◆ Stored data
***

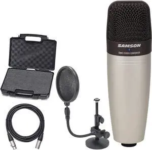 Samson C01 Large Diaphragm Condenser Microphone with Mic Stand, Pop Filter, and XLR Mic Cable Studio Recording Bundle
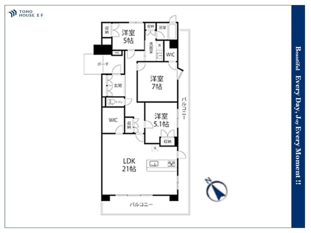 頬をなでる優しい風を感じることが出来るバルコニー。つい深呼吸をしたくなる気持ちの良い眺望はこのお部屋の自慢です。もちろんお洗濯物を干すスペースとしても十分な広さがあります。
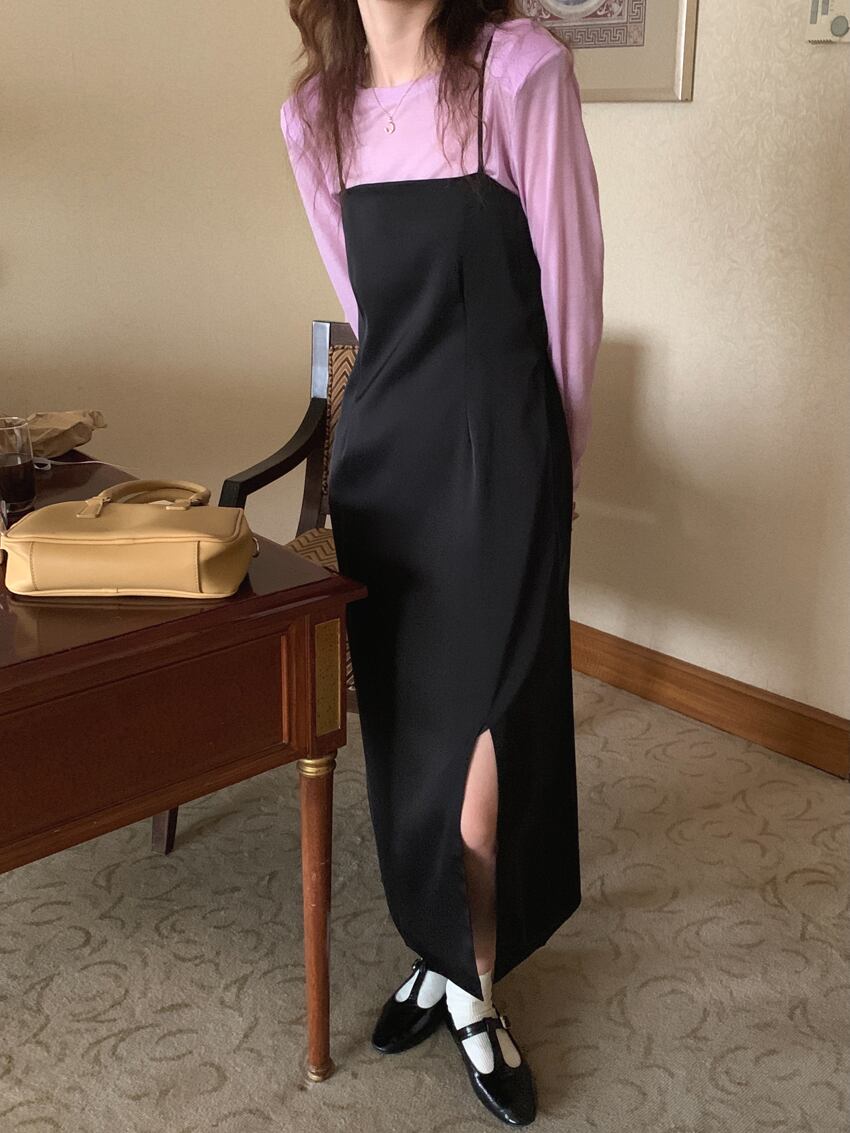 Tシャツ ベルト ブラックドレス ロング ハーネス パープル ビッグFスモールZ韓国58933872284

***

◆ Problem to work on
Every line from the one with "頬をなでる優しい風を感じるこ" through the last line of the data must be copied exactly. Leave the pictures out.

◆ Solution to the problem
 頬をなでる優しい風を感じることが出来るバルコニー。つい深呼吸をしたくなる気持ちの良い眺望はこのお部屋の自慢です。もちろんお洗濯物を干すスペースとしても十分な広さがあります。
 Tシャツ ベルト ブラックドレス ロング ハーネス パープル ビッグFスモールZ韓国58933872284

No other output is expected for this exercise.